Copp v. Harrington

47 Cal. 236 | Cal. | 1874

By the Court, Rhodes, J.:

The lands in controversy are subdivisions of section 10, township 12 north, range 1 west, and both parties seek to purchase them in lieu of subdivisions of certain sixteenth sections. The defendant’s application was filed in the Surveyor’s-General’s office in December, 1869. The plaintiff’s application was filed on the thirtieth of April, 1870. The defendant’s application was defective, for the reason, among others, that it failed to state that there .were “ no improvements of any kind on said land, other than those of the applicant,” as required by the fifty-third section of the Act of 1868 (Stats. 1867-8, p. 522.) It having been held in Hildebrand v. Stewart, 41 Cal. 387, that the application in that case was fatally defective, the Act of March 24th, 1870, “to legalize certain applications for the purchase of lands belonging to this State,” was passed (see Stats. 1869-70, p. 352), to the effect that all applications theretofore made under the provisions of the Act of March 28th, 1868, for the purchase of lands, etc., “where there are not two or more applicants for the purchase of the same land, or conflicts between claimants, shall be held good and valid, ” though the affidavits may be defective “ either in form or substance.”

At the passage of this act, there were neither two applicants for the purchase of these lands, nor were there any conflicts between the claimants, within the meaning of the act. The direct effect of the act was to make the defendant’s application “good and valid.” It was approved by the Surveyor-General, on the seventh day of April, 1870, and a certificate of purchase ivas issued to- the defendant on the fourteenth day of the same month.

The plaintiff's application, as already stated, was filed April 30th, 1870, after the approval of the defendant’s application, and the issuing of liis certificate of purchase. It was made under the provisions of section 53 of the Act of 1868, as amended April 4th, 1870. (Stats. 1869-70, p. 876.) That section provides that the applicant shall “make an affidavit before any officer authorized to administer oaths *241that he is a citizen of the United States (or if a foreigner, then that he has filed his intention of becoming a citizen), a resident of the shall be forwarded to the Surveyor-General.” Some portion of the section, it is probable, was omitted by mistake in enrolling the bill, for the clause above quoted, is nonsense. It is unnecessary, in the view we take of this case, to determine whether the plaintiff’s affidavit is "valid, or even whether under that section, as amended, an application could have been made for the purchase of any other lands than the sixteenth or thirty-sixth sections. If, however, there are pending applications which were made under the latter clause of the fifty-third section as amended, a further curative act might not be inappropriate.

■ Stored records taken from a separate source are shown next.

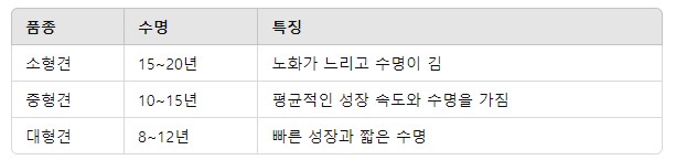 대형견은 평균적으로 8~12년의 수명을 가지며, 성장 속도와 노화가 가장 빠릅니다. 초기 2년은 사람의 약 24세에 해당하며, 이후 매년 7년씩 추가됩니다.
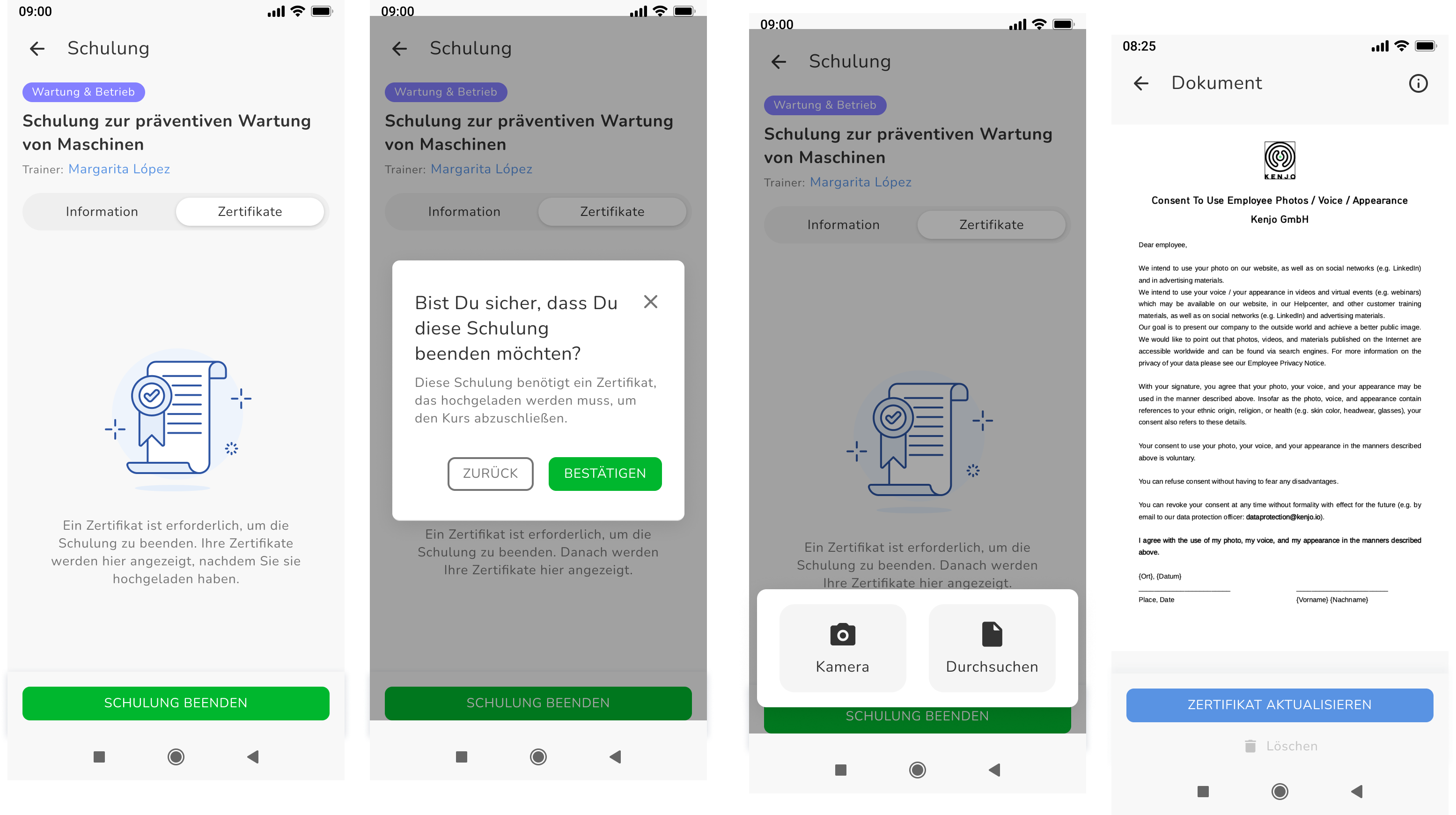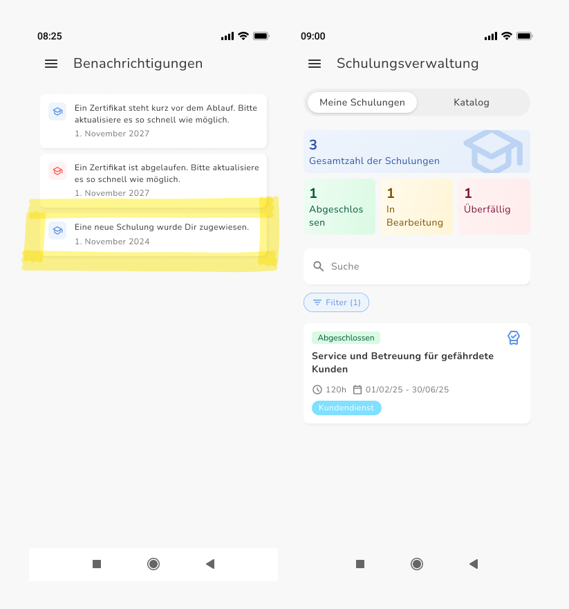 So schließen Mitarbeiter Trainings mit oder ohne erforderliches Zertifikat ab
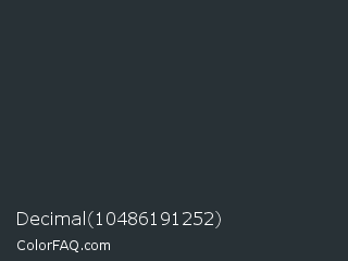Decimal 10486191252 Color is a very dark blue color and the nearest color is Gunmetal #2a3439. Hex code #283136 and RGB value is rgb(40,49,54). In RGB color space, this color is composed of 16% red, 19% green, 21% blue, In CMYK color space, this color is composed of 26% cyan, 9% magenta, 0% yellow , 79% black , In HSL color space, this color has a hue angle of 201° , 15% saturation and 18% lightness.
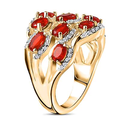 Salamanca Fire Opal & Natural Zircon Wave Ring in 18K Gold Vermeil Sterling Silver 1.85 Ct
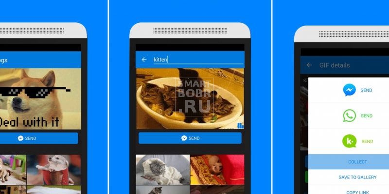 В арсенале приложения найдуются миллионы анимированных картинок и разных видео для любой ситуации. Не обошлось здесь и без смайлов. Кроме того, элементы разбиты на категории, в числе которых «реакции», «популярные темы» и многое другое.
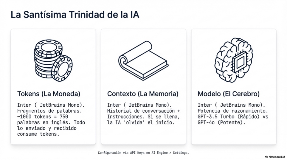 Una vez conectado, es crucial entender tres conceptos que verás repetidamente en la interfaz y que son la base de la comunicación con la IA:
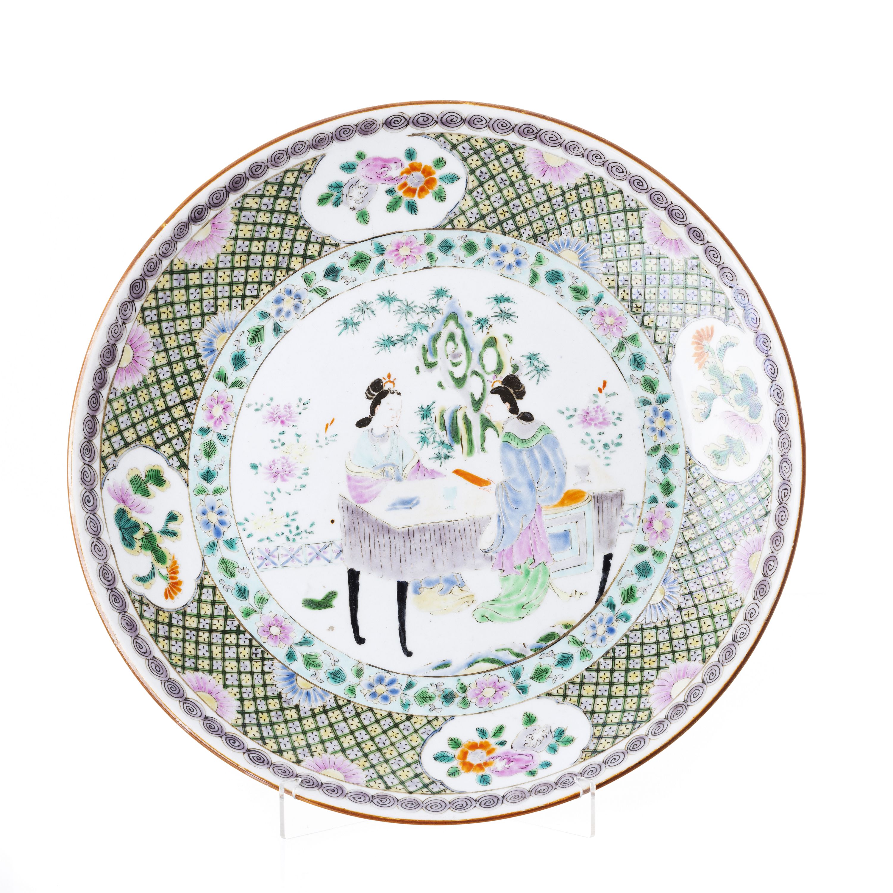 Japão, Meiji, decoração polícroma com flores, reserva central com figuras, marcado no verso. Dim.: 40 cm
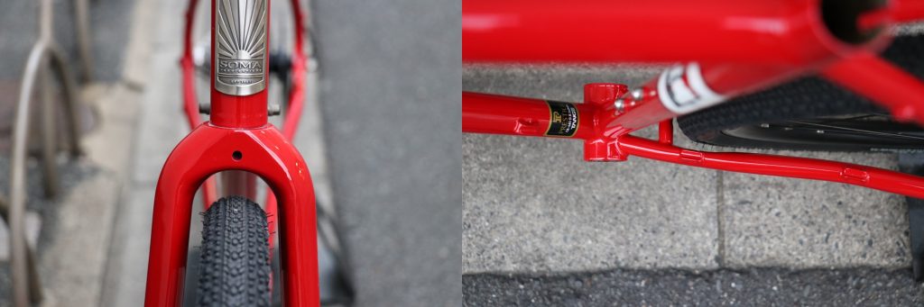リアブレーキアウターはパナソニックオーダーにも採用されるダウンチューブ外側外装式。
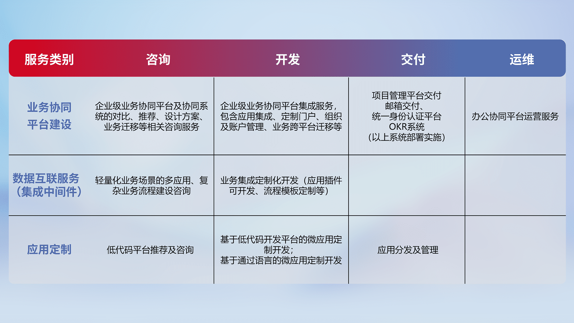针对钉钉、、、企微、、、、IDaas等平台级产品提供产品的规划、、方案、、、、交付、、、、定制化开发等服务,,,,实现如统一协同办公、、、、智能客户服务、、混合会议管理、、、智能数据查询、、、、等业务场景,,,,实现数字化转型。。。
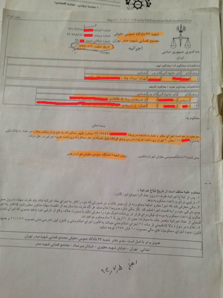 پیگیریهای «د.ز» نشان میدهد «محمود» چند دست ملک را گردانده و دست آخر آن را به نام برادرش، «محمدحسن» کرده است. این برادر هم در شراکت تجاری با یکی از فرماندهان سابق نیروی انتظامی با او به اختلاف برخورده و آن فرمانده سابق، توانسته حکم زندان و توقیف اموال شریک سابقش، «محمدحسن ع.خ» را بگیرد.
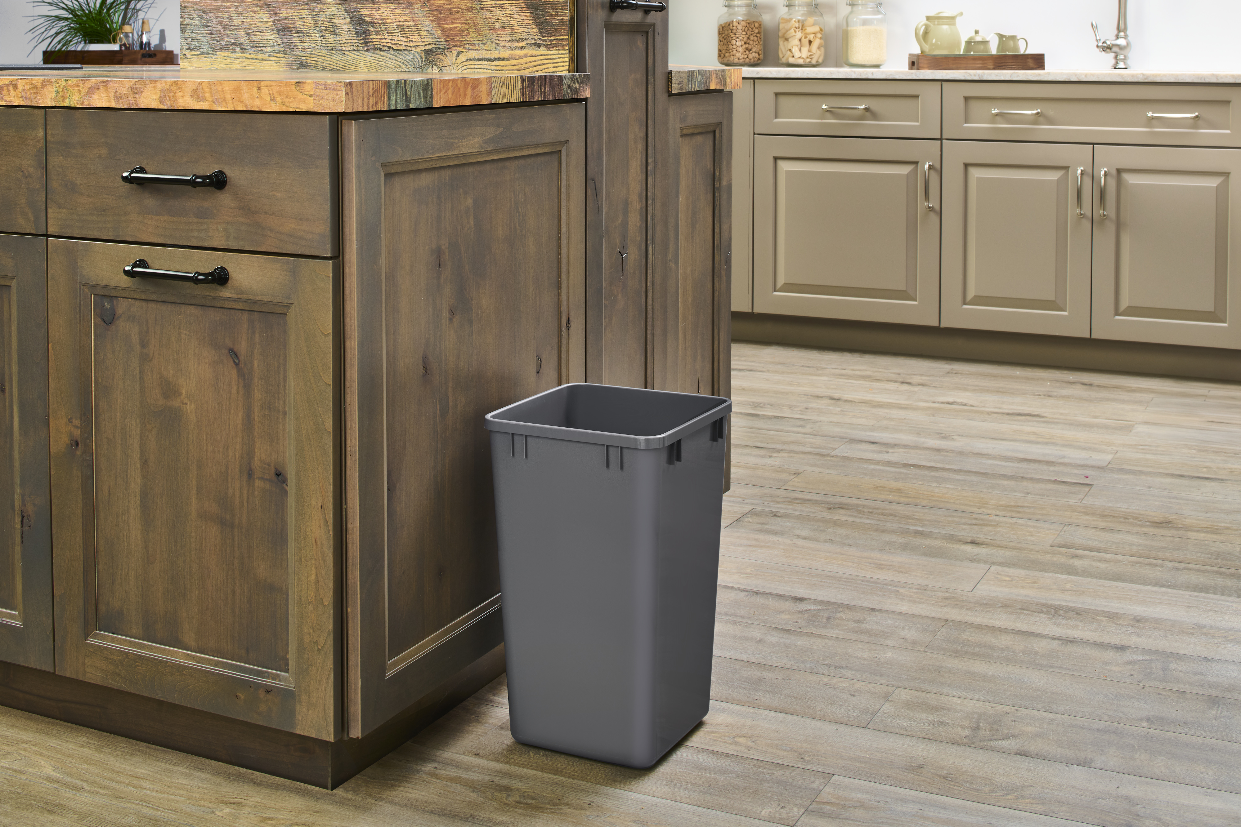 Made of injection molded polymer plastic for increased durability, the double waste containers will be an ideal addition to your home to hide away the trash and ensure your kitchen smells fresh at all times. Though designed to work with all of the Rev-A-Shelf waste containers and trash Pullouts, they can also be used to hold extra trash or recyclable items no matter where you need them, whether it be inside or outside. The 27 qt. capacity will keep you from having to empty the basket numerous times a day for ultimate convenience. With a neutral orion gray color, these modern waste bins will fit perfectly inside your cabinets or can be left out and placed beside a kitchen cabinet, bedroom dresser, or bathroom sink.

The plaintiff claiming that his own application is sufficient and valid, contends that the defendant’s application, though made good and valid by the curative act of 1870, yet is not sufficient to entitle him to purchase the lands. His argument is that the operation of the act was to insert into the defendant’s affidavit the omitted matters, so that it would stand in all respects as it would have done, had it complied with the statute at the time it was filed; that it inserted therein the words: “and that there is [are] no improvements of any kind on said land, other than those of the applicant,” and that as that statement was not true, the defendant was not entitled to purchase the land. But we think the argument cannot be sustained. Ho case is brought to our notice, in which that operation was attributed to a curative act. The statute does not supply the defects in the application, but declares that, with all its defects, it shall be held good and valid. Should the statute be held to have inserted into the application the omitted statement it would make the defendant, by construction, guilty of perjury; for it is conceded that it is not true, that there were no improvements on the land, other than those of the defendant.

The plaintiff contends that it was not the intention of the statute to permit laüds to be purchased as ‘ ‘ lieu lands, ” upon which there were improvements belonging to others than *242the applicant. There is no express provision to that effect in the act of 1868, but the plaintiff argues that the provisions of Section 53, as to. the matters required to be stated in the affidavit, necessarily lead to that conclusion. If that be a legitimate inference from those provisions, it cannot of course be deduced from a statute which omits them. The defendant’s affidavit having been declared by the statute good and valid, is to be treated as if made under a statute which did not require any statement in regard to improvements on the land sought to be purchased; and the implication claimed by the plaintiff does not arise. The act when it declares that an application shall be “held good and valid ” means that it shall be regarded as sufficient in every respect, to entitle the applicant to purchase the lands described in the application. The act provides that an application shall be held good and valid, provided there are not two or more applications to purchase the same lands, or a conflict between claimants; and the Court has no power to add a further proviso to this effect; “and>provided further, that there are no improvements on the lands other than those of the applicant.” In the absence of a proviso to that effect, we see nothing in the act which forbids a person from purchasing lands upon which there are improvements of other persons; and as the defendant’s application was first made and was duly approved, we az*e compelled to hold that his certificate of purchase is valid as against the claim of the plaintiff.

Judgment affirmed. Remittitur forthwith.